Deploying large numbers of low-cost satellites will not offset those advantages, he said.
Instead, Loverro offered vague plans for countering the threat. “A
space offset strategy must employ a diverse set of resilience measures
that complicate the technical, political, and force structure calculus
of our adversaries, by arraying a complex set of responses, with few
overlapping vulnerabilities and a combination of known and ambiguous
elements,” he said.
Frank Calvelli, deputy director of the National Reconnaissance
Office, the spy agency that builds and operates strategic intelligence
and reconnaissance satellites, said a resurgent Russia and aggressive
China are among several current national security threats.

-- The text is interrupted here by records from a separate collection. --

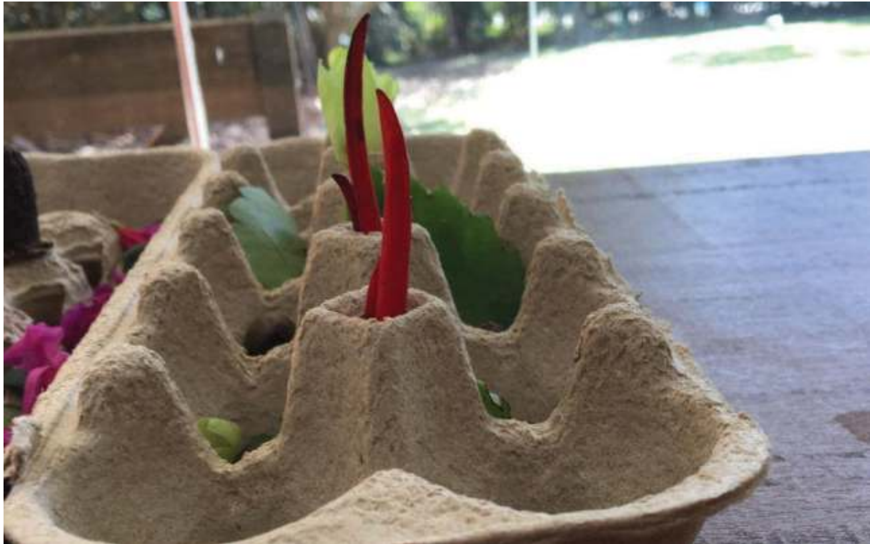
Com os mesmos elementos de um enfeite já pronto, ela desmonta para montar outro. Desta vez encaixa de pé as flores vermelhas do mulungu.
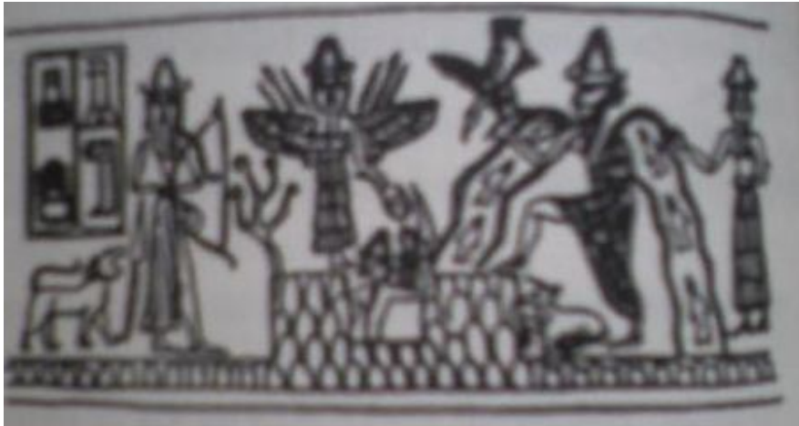
Enlil, Ninmah, Enki ve İsimud (Sümer betimlemesi)

Ninmah bir grup kadın hemşire ile Dünya'ya varır İksir sağlayan bitkiler yetiştirilmesi için tohumlar getirir Enlil'e, evlilik dışı beraberliklerinden doğan oğlu Ninurta'nın müjdesini verir Enki, Abzu'da bir mesken ve maden ocakları kurar Edin'De, Enlil uzay ve diğer tesisleri kurar Dünya'daki Nibiruluların ( ' Anunnakiler ' ) sayısı altı yüzü bulur Üç yüz ' İgigi ' Lahmu'daki (Mars) tesisleri işletir Sud'a zorla sahip olduğu için Enlil sürgüne gönderildiği sırada saklanan silahları öğrenir Sud, Enlil'in eşi Ninlil olur, ona bir oğul doğurur (Nannar) Ninmah Abzu'ya gidip Enki'ye katılır, ona kız çocuklar doğurur Enki'nin eşi Ninki, oğulları Marduk ile gelir Enki ve Enlil daha çok oğullar edindikçe Dünya'da kabileler oluşur Çektikleri güçlükler nedeniyle İgigiler, Enlil'e karşı bir darbe yapar Ninurta, onların önderi Anzu'yu hava savaşlarında yener Daha çok altın çıkartmaları izin zorlanan Anunnakiler isyan eder Enlil ve Ninurta isyancıları suçlarlar Enki yapay yolla İlkel İşçiler oluşturmayı önerir
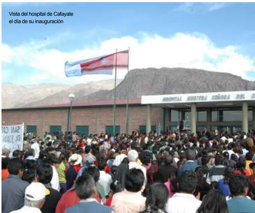
Vista del hospital de Cafayate el día de su inauguración
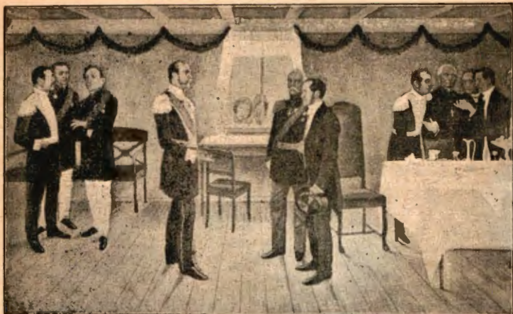
J. V. Snellman esitellään Aleksanteri II:selle Parolan leirillä.

lyhyesti, jonka johdosta keisari ihmetteli, miksi puhe venäjäksi meni niin paljon pikemmin. Kuultuaan, että sitä oli lyhennetty, kehoitti hän puhujan jättämään itselleen puheen kirjoitettuna.

Calvelli revealed that the agency in October launched a new satellite that carried 13 smaller “CubeSats.”
“The NRO sponsored nine of the CubeSats while the National
Aeronautics and Space Administration sponsored the remaining four,”
Calvelli said.
Among the missions of the CubeSats are software-defined radios “to
provide beyond-line-of-sight communication for disadvantaged users in
remote locations, and technology pathfinders to demonstrate tracking
technologies, optical communications, and laser communication,” he said.
Four advanced intelligence-gathering satellites will be launched this
year to support military operations and intelligence analysis and
decision-making.
Calvelli also said space threats are prompting the Reconnaissance
Office to develop “better and faster” systems in space and on the
ground, along with better overall “resiliency”—a term used by the
military to signify an ability to operate during high-intensity warfare.
The agency is investing substantial sums in bolstering defenses for
space and ground systems to make them more survivable during space war.
“We are more focused on survivability and resiliency from an
enterprise perspective than we have ever been and we have made
significant investments to that end,” he said.
The agency also is “improving the persistence of our space-based
systems, providing greater ‘time on target’ to observe and characterize
activities, and the potential relationship between activities, and to
hold even small, mobile targets at risk,” Calvelli said.
It also is upgrading its ground stations, which are used to control
and communicate with orbiting satellites, including an artificial
intelligence system called “Sentient.”
“Sentient—a ‘thinking’ system that allows automated,
multi-intelligence tipping and cueing at machine speeds—is just one of
those capabilities,” Calvelli said.
New ground stations also are being deployed that will empower “users
of all types with the capabilities to receive, process, and generate
tailored, timely, highly-assured, and actionable intelligence,” he said.
The comments were a rare public discussion of the activities of one of the most secret U.S. intelligence agencies.
Dyke D. Weatherington, director of unmanned warfare and intelligence,
surveillance, and reconnaissance at the Pentagon, said eight national
security satellites were launched in 2015, including tactical and
strategic communications, and navigation, position, and timing
satellites.
Weatherington said the United States maintains a strategy advantage
in space system but warned that is changing. “The rapid evolution and
expansion of threats to our space capabilities in every orbit regime has
highlighted the converse: an asymmetric disadvantage due to the
inherent susceptibilities and increasing vulnerabilities of these
systems,” he said.
While space threats are increasing, “our abilities have lagged to
protect our own use of space and operate through the effects of
adversary threats,” Weatherington said.
The Pentagon currently has 19 military-capable GPS satellites on
orbit and a new generation of GPS satellites is being developed that
will be produce signals three times stronger than current system to be
able to overcome electronic jamming, he said.
The officials at the hearing also discussed plans to transition from
the sole reliance on the use of Russian-made RD-180 rocket engines to
launch national security satellites.
A new U.S. made engine, however, will not be fully developed until 2022 or 2023.